Task inputs
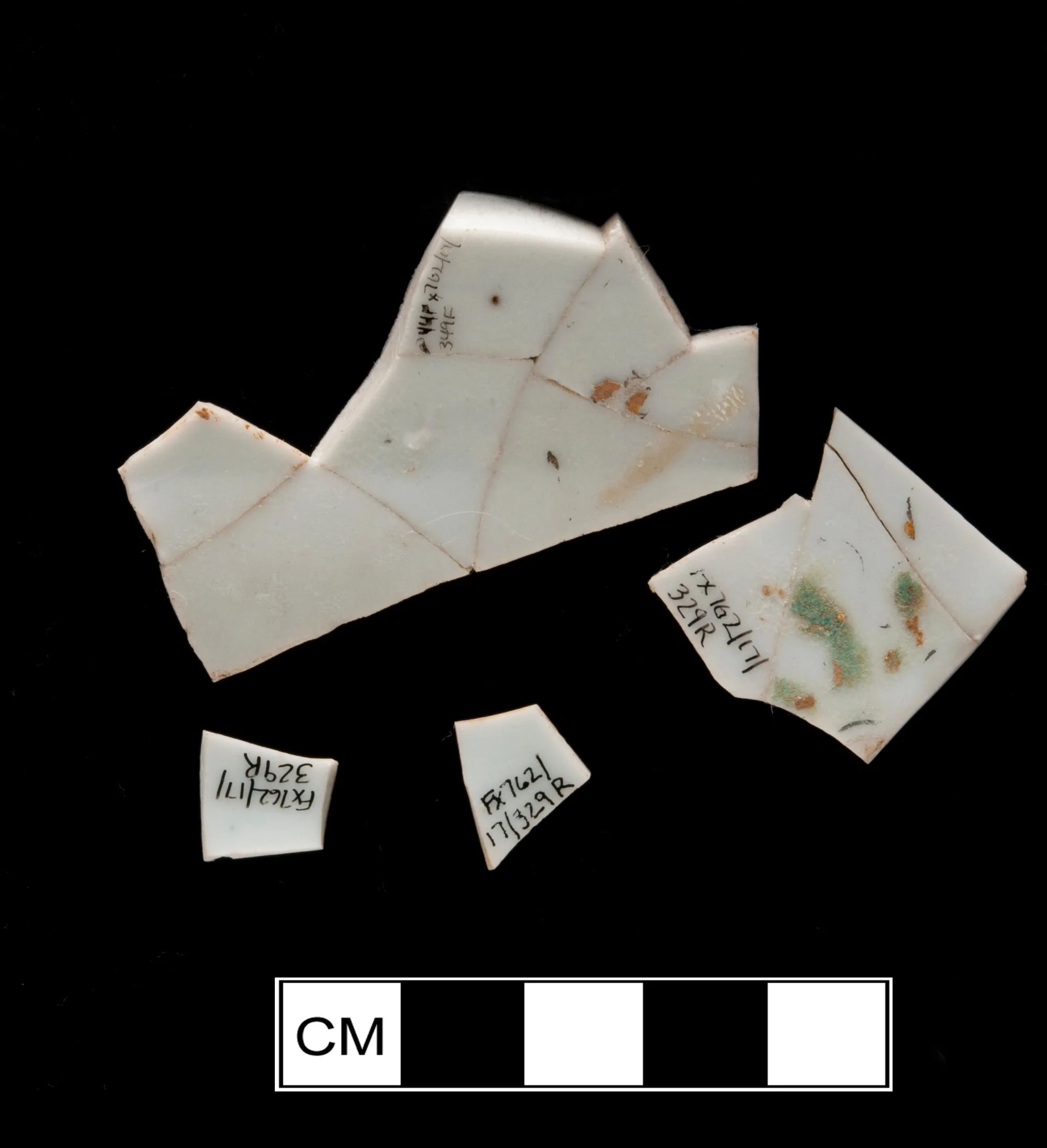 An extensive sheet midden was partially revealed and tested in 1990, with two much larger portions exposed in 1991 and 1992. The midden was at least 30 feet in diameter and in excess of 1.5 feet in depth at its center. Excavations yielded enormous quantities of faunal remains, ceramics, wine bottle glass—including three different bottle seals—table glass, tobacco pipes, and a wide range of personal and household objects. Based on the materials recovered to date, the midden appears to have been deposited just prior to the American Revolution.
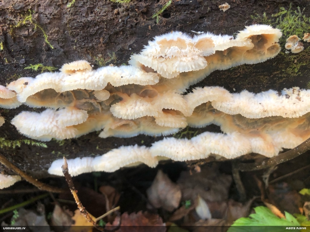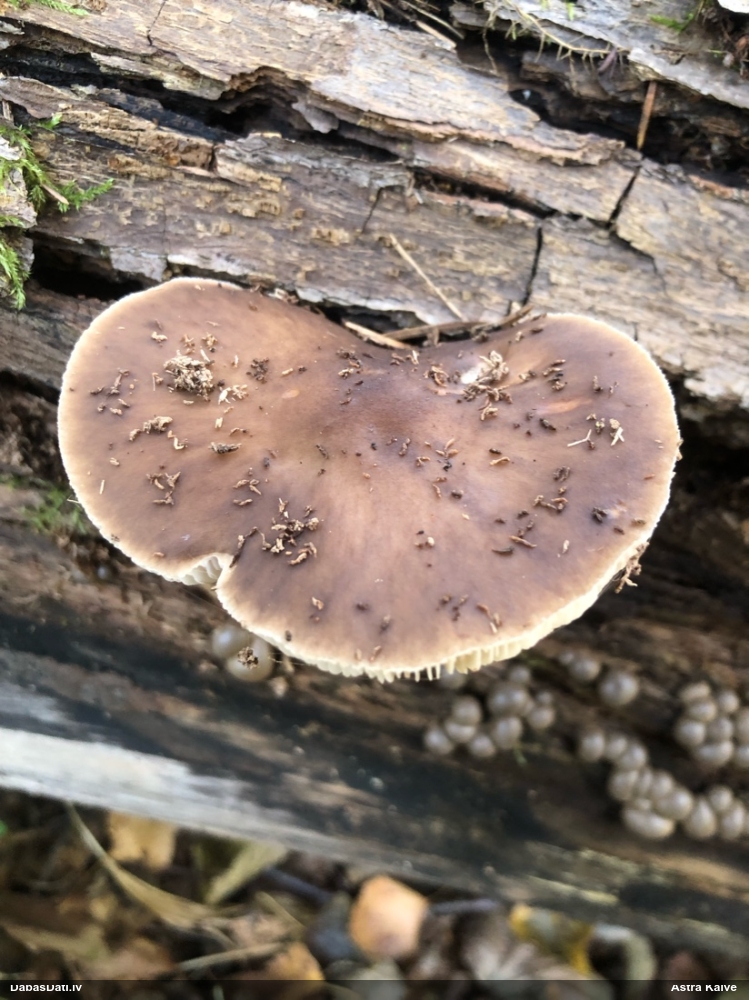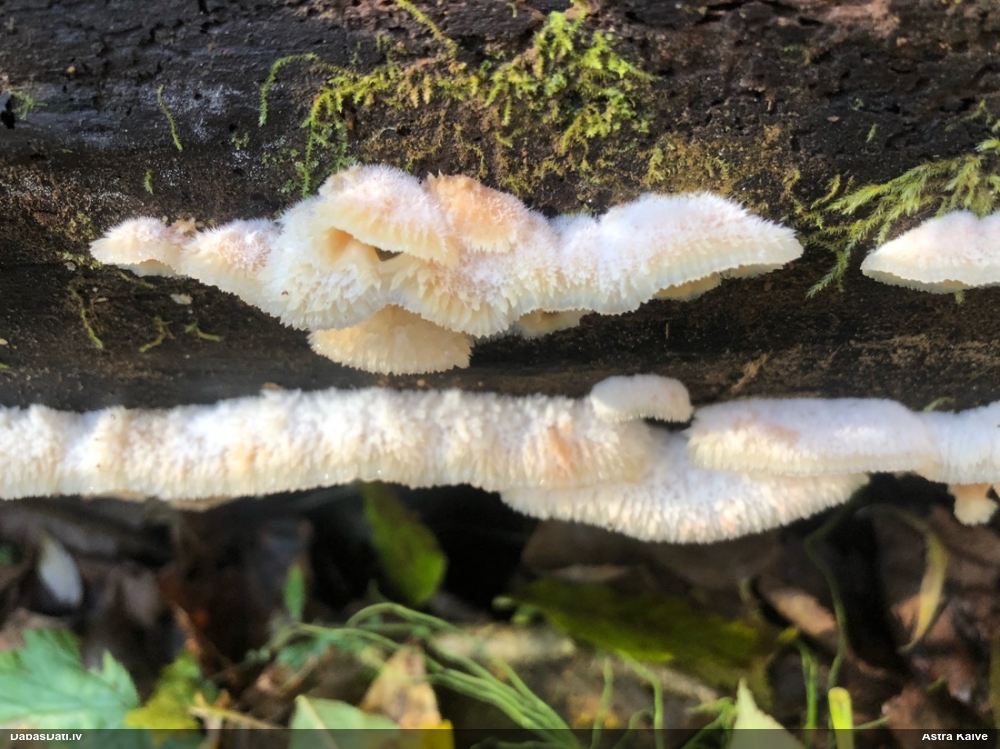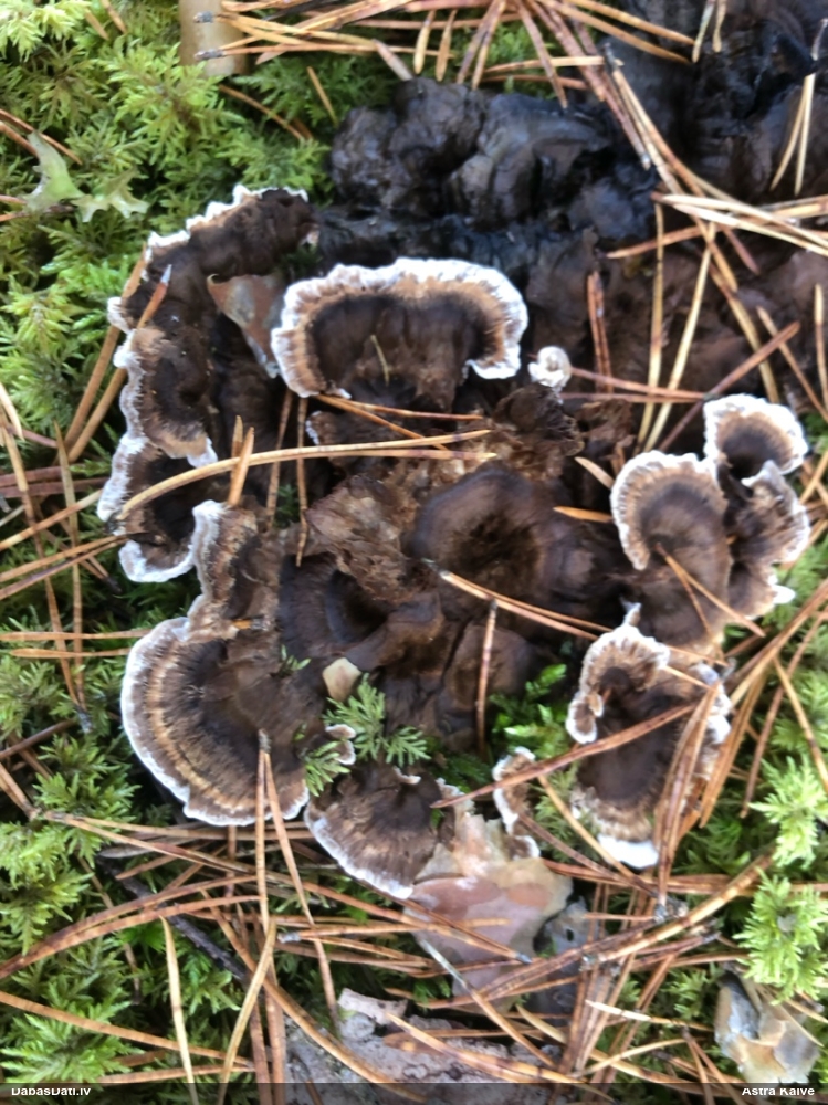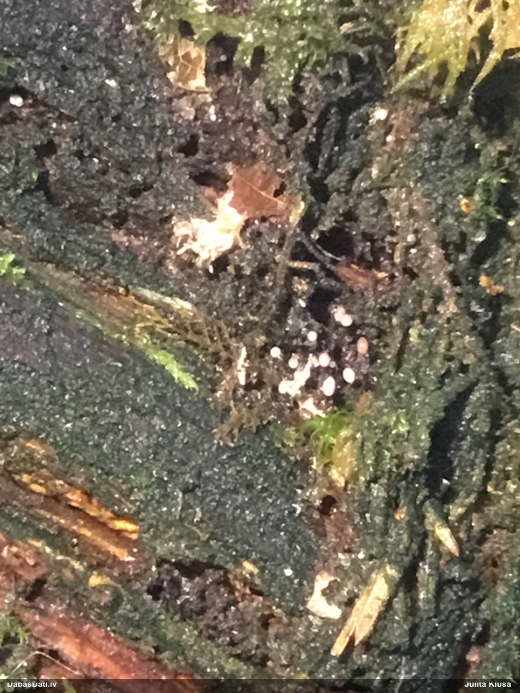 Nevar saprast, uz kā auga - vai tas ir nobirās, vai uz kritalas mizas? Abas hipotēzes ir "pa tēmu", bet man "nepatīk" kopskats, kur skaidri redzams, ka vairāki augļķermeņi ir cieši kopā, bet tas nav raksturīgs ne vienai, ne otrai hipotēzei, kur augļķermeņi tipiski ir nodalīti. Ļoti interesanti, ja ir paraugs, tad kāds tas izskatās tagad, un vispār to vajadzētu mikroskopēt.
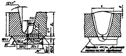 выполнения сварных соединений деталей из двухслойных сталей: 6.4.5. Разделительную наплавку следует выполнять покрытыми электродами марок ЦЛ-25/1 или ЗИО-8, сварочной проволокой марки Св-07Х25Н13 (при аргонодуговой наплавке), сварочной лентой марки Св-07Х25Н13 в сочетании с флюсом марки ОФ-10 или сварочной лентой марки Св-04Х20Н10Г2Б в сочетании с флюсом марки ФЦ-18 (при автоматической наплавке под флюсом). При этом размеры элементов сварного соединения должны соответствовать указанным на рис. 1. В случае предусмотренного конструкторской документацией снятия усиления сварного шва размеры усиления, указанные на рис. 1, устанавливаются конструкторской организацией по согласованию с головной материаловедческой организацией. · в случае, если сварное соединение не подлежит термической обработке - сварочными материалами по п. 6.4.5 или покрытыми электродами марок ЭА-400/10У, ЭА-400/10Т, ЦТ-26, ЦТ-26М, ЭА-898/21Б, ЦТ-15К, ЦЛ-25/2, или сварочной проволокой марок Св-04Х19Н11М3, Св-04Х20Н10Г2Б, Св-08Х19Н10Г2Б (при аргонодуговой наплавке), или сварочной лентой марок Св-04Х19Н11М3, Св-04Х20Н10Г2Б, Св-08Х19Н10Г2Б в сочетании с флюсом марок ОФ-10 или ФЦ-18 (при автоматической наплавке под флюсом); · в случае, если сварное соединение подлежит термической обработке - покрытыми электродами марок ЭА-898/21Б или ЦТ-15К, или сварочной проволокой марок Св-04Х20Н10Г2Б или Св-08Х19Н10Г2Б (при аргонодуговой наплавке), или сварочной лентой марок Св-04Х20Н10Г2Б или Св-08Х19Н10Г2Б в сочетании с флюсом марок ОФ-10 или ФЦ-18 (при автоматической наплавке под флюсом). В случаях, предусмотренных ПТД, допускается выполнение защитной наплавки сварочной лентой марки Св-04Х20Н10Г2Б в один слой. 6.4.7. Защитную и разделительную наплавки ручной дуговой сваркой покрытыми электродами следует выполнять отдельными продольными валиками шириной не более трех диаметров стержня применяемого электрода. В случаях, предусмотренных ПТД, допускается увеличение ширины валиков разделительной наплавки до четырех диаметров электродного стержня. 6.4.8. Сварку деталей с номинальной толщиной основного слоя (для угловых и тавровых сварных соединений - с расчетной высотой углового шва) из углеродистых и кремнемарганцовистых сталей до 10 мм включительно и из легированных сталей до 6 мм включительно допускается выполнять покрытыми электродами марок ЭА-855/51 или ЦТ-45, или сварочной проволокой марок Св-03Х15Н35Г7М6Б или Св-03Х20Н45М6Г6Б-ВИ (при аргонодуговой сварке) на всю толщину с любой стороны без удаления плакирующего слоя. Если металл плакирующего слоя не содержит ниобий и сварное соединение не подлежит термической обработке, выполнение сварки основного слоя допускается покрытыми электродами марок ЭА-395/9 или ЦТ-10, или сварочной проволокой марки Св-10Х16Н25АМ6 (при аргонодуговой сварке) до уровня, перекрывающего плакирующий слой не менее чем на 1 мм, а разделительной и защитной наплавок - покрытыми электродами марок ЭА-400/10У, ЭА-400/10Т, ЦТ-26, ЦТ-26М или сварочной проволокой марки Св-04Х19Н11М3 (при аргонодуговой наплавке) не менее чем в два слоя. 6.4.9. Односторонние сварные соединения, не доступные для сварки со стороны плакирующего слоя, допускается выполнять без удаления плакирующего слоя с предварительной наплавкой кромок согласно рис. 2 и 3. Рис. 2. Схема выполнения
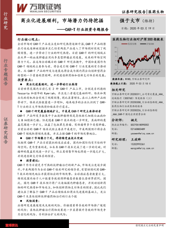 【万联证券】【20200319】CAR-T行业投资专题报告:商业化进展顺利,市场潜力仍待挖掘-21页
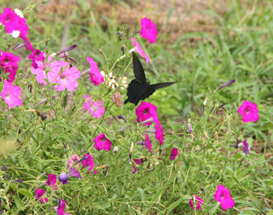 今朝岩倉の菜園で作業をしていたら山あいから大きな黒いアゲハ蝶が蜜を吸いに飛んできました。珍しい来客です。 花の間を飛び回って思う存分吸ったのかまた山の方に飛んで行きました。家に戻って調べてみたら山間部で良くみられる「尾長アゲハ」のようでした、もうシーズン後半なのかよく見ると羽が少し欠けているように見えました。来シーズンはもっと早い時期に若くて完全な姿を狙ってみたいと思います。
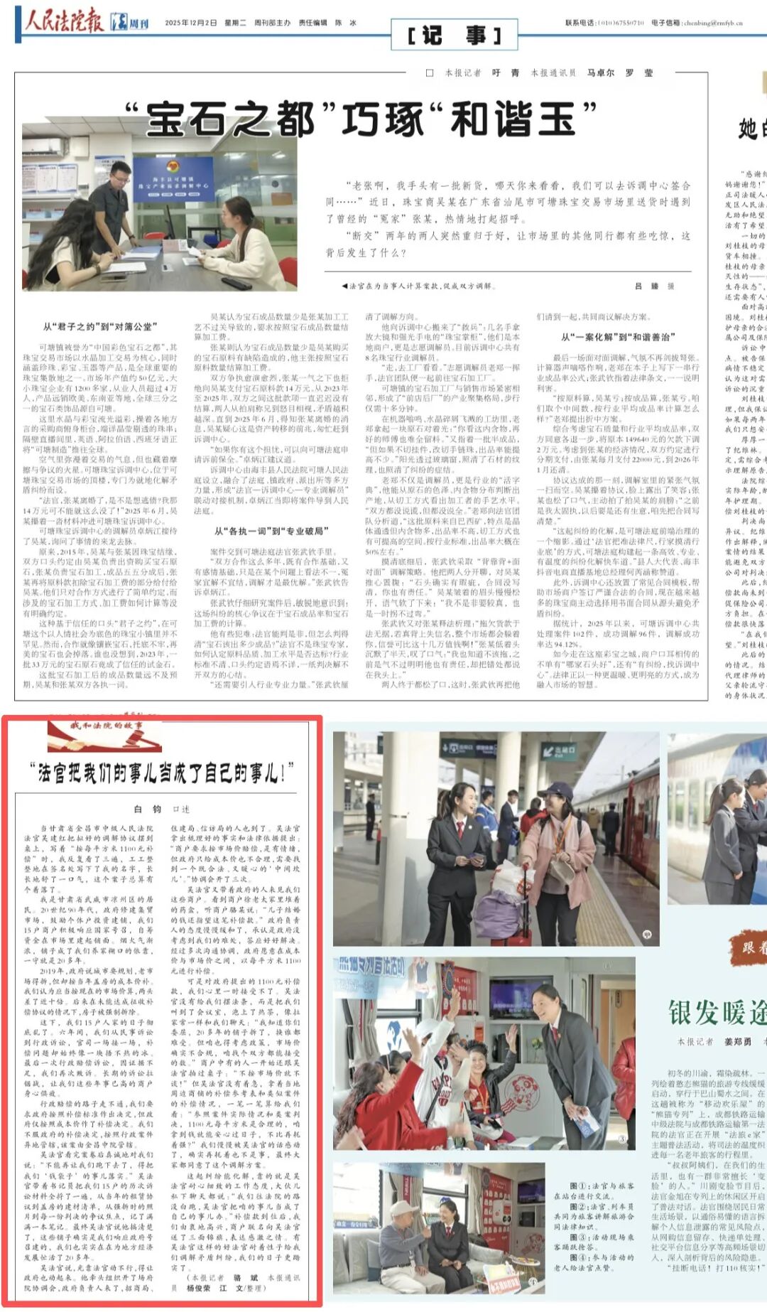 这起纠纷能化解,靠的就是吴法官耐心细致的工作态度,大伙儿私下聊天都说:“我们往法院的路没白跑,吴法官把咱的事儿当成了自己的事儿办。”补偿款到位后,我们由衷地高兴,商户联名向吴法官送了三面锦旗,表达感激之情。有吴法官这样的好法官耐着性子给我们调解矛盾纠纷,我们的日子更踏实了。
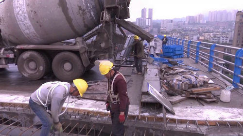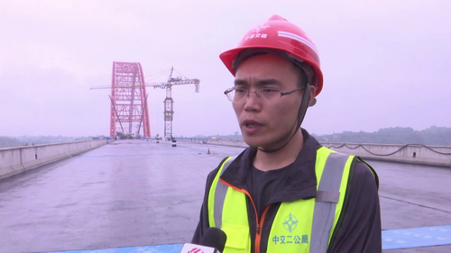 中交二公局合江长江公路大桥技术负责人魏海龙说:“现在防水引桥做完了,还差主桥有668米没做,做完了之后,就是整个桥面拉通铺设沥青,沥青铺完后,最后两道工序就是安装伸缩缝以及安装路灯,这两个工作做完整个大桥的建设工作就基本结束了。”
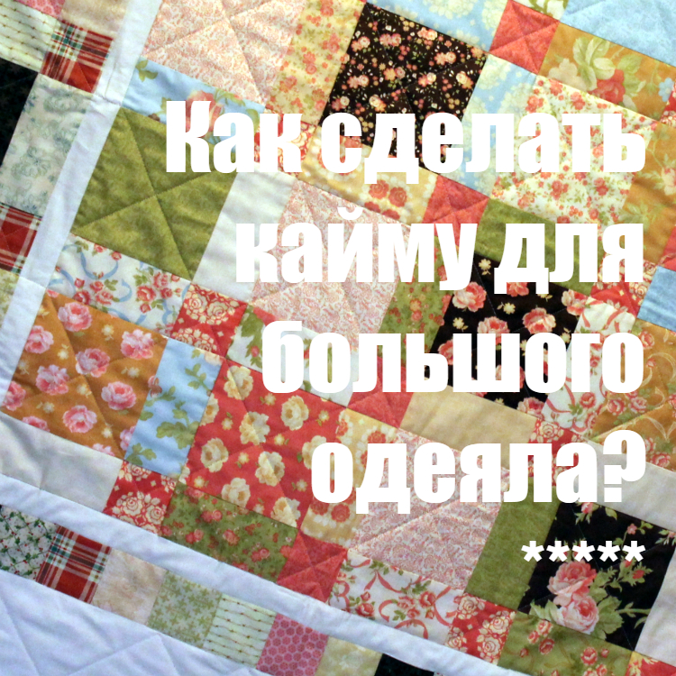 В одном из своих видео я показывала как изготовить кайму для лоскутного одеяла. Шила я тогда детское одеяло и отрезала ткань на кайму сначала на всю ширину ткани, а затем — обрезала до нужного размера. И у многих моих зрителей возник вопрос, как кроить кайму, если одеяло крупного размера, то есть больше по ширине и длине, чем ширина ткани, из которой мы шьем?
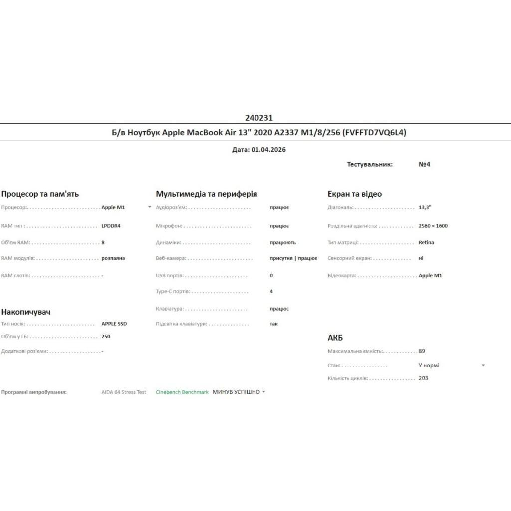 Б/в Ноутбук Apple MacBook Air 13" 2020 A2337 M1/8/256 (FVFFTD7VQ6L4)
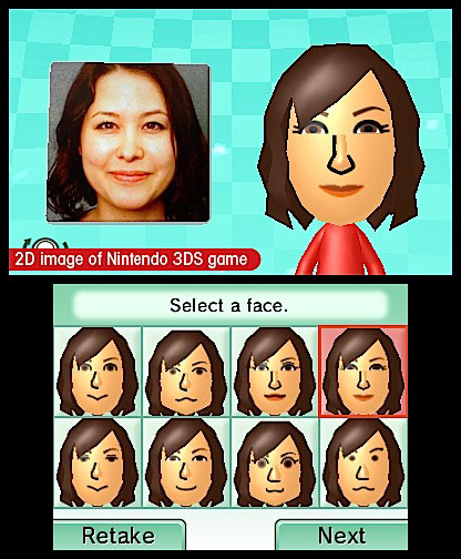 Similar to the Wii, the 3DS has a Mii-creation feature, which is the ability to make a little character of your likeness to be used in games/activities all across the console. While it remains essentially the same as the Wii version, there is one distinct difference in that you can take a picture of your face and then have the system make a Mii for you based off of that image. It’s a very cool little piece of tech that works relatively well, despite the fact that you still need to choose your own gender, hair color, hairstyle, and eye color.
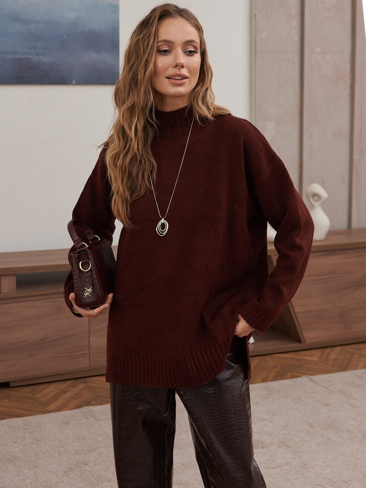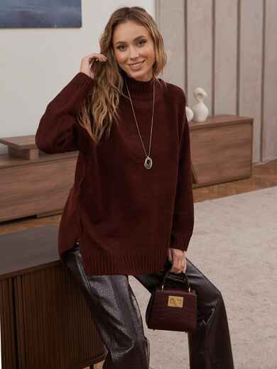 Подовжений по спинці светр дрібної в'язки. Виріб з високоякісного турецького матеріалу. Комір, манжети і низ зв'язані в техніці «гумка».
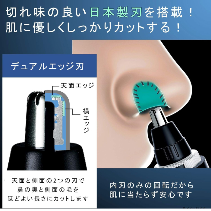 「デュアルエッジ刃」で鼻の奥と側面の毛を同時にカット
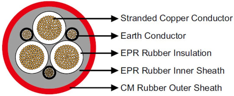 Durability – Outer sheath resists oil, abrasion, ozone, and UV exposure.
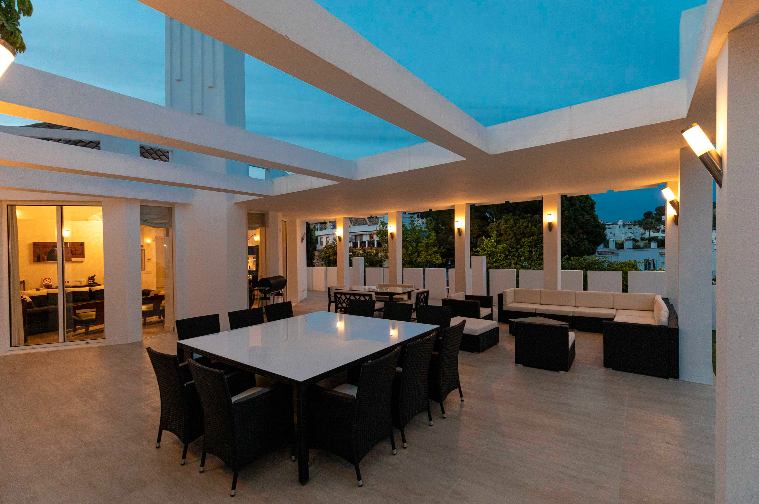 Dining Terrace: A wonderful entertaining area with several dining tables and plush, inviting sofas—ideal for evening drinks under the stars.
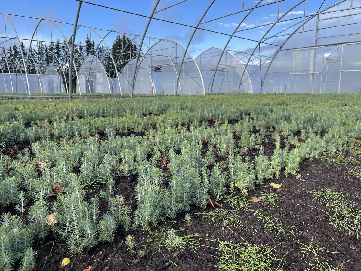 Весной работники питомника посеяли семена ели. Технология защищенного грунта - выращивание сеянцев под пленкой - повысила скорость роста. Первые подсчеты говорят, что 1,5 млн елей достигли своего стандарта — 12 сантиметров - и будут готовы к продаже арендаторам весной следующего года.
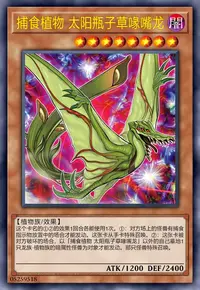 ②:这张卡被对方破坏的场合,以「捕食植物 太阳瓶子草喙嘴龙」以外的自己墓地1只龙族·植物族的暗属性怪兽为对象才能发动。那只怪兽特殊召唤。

Task instructions
Within the listing above, the stretch from the line with "中交二公局合江长江公路大桥技" down to the line with "В одном из своих" is to be given again exactly, end lines included and pictures excluded.

Your response
 中交二公局合江长江公路大桥技术负责人魏海龙说:“现在防水引桥做完了,还差主桥有668米没做,做完了之后,就是整个桥面拉通铺设沥青,沥青铺完后,最后两道工序就是安装伸缩缝以及安装路灯,这两个工作做完整个大桥的建设工作就基本结束了。”
 В одном из своих видео я показывала как изготовить кайму для лоскутного одеяла. Шила я тогда детское одеяло и отрезала ткань на кайму сначала на всю ширину ткани, а затем — обрезала до нужного размера. И у многих моих зрителей возник вопрос, как кроить кайму, если одеяло крупного размера, то есть больше по ширине и длине, чем ширина ткани, из которой мы шьем?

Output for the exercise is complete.